## Exercise aim
Produce an exact copy of all the data below, dropping every image.

(Raw data Opens)

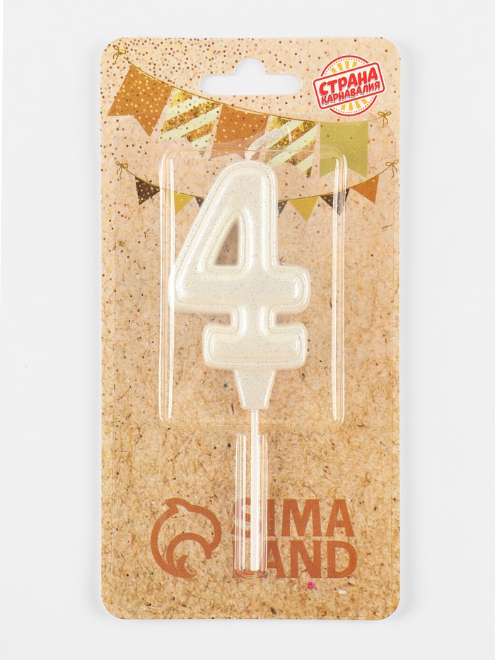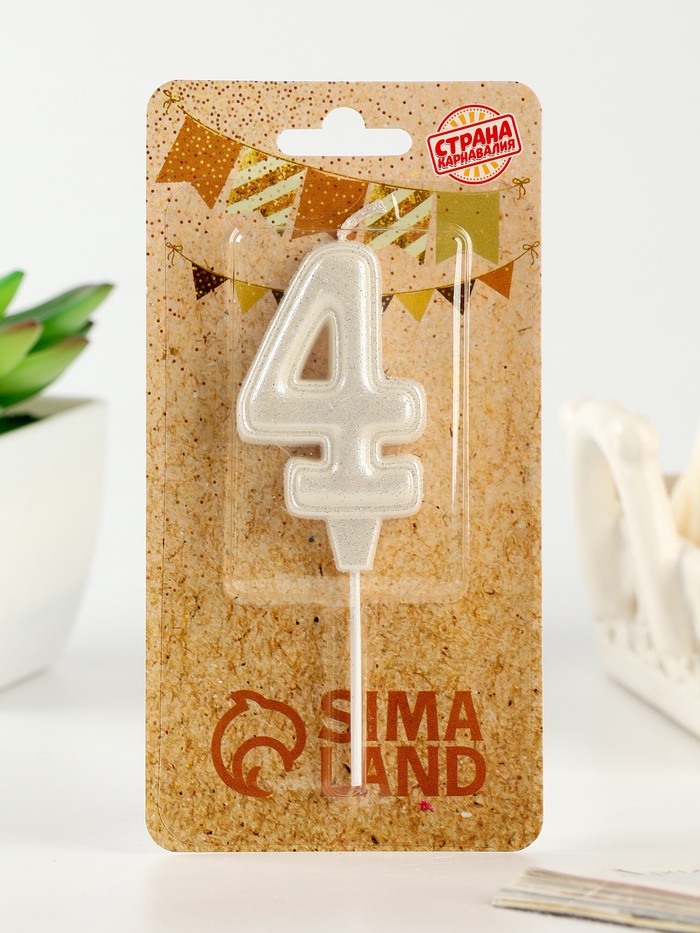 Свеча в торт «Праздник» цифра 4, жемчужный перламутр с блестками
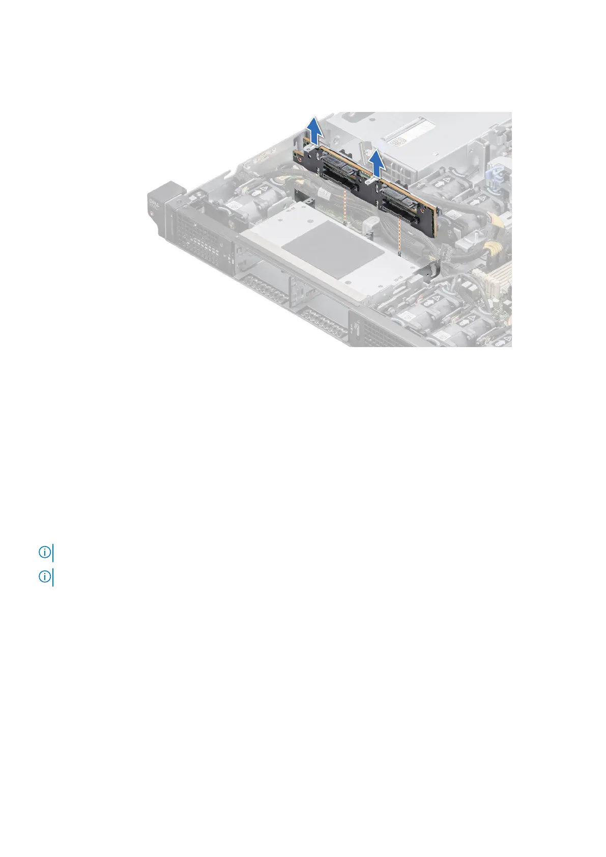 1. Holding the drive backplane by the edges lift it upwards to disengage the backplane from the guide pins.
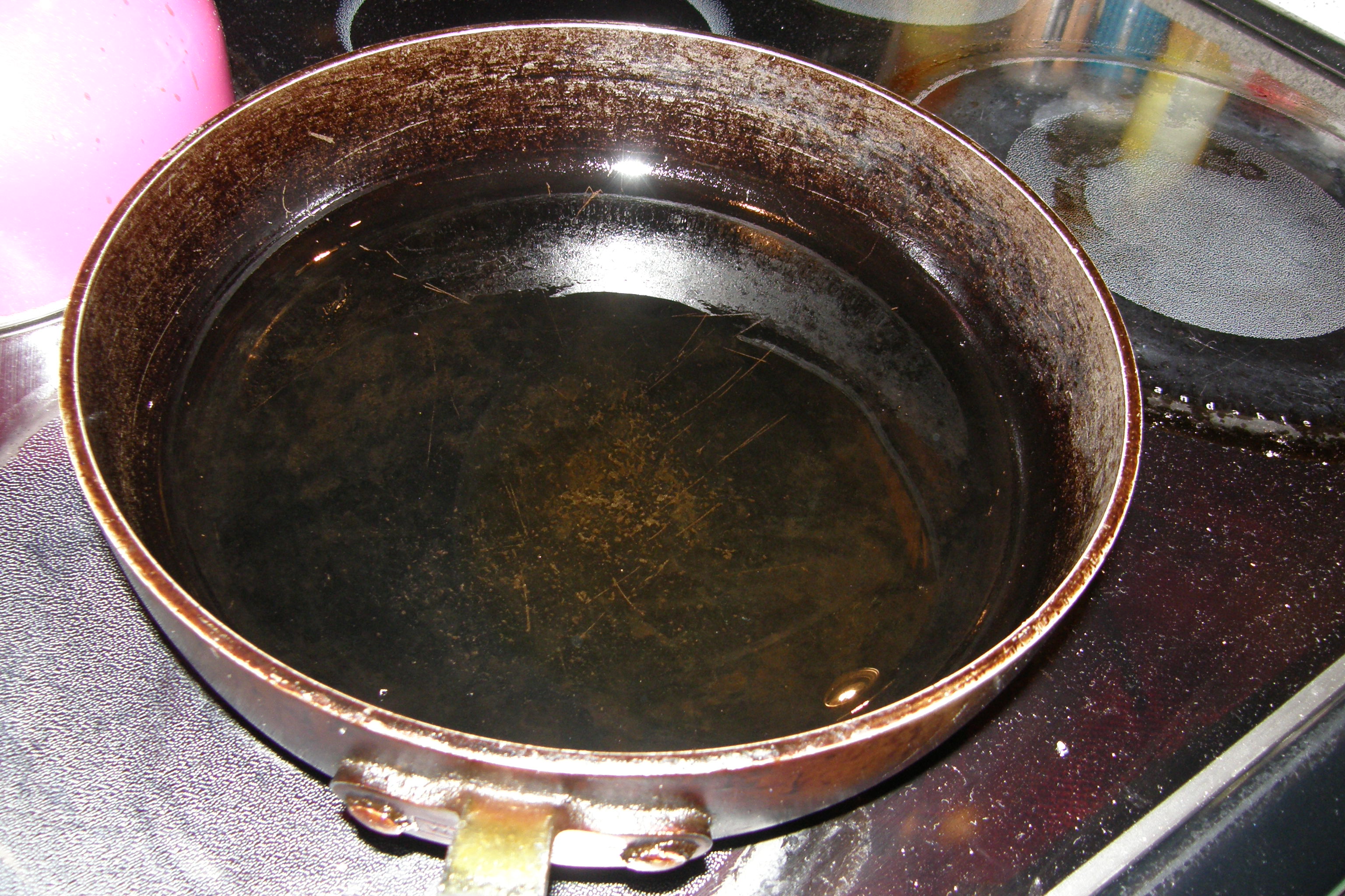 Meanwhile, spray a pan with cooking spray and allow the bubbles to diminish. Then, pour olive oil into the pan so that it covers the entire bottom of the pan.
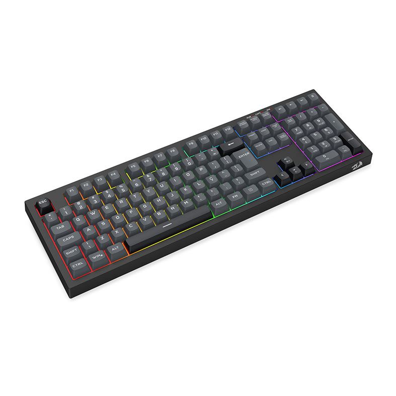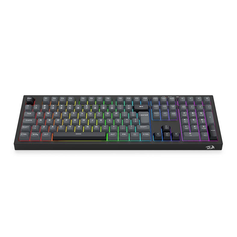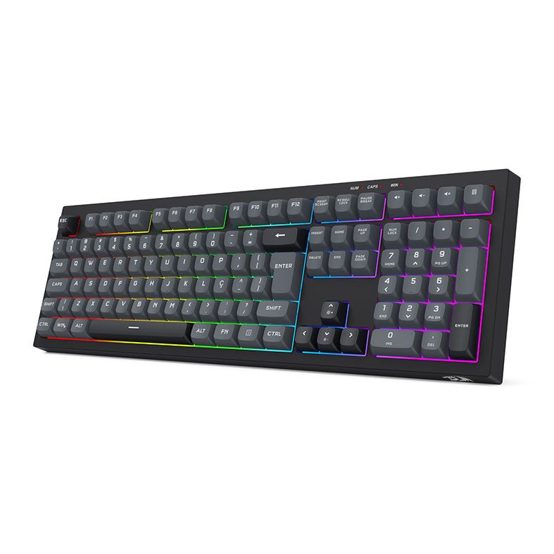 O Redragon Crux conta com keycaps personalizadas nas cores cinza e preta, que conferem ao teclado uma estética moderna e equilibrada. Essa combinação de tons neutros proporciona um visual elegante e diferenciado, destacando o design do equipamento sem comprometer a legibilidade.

(Raw data Closes)

## Solution for this problem
 Свеча в торт «Праздник» цифра 4, жемчужный перламутр с блестками
 1. Holding the drive backplane by the edges lift it upwards to disengage the backplane from the guide pins.
 Meanwhile, spray a pan with cooking spray and allow the bubbles to diminish. Then, pour olive oil into the pan so that it covers the entire bottom of the pan.
 O Redragon Crux conta com keycaps personalizadas nas cores cinza e preta, que conferem ao teclado uma estética moderna e equilibrada. Essa combinação de tons neutros proporciona um visual elegante e diferenciado, destacando o design do equipamento sem comprometer a legibilidade.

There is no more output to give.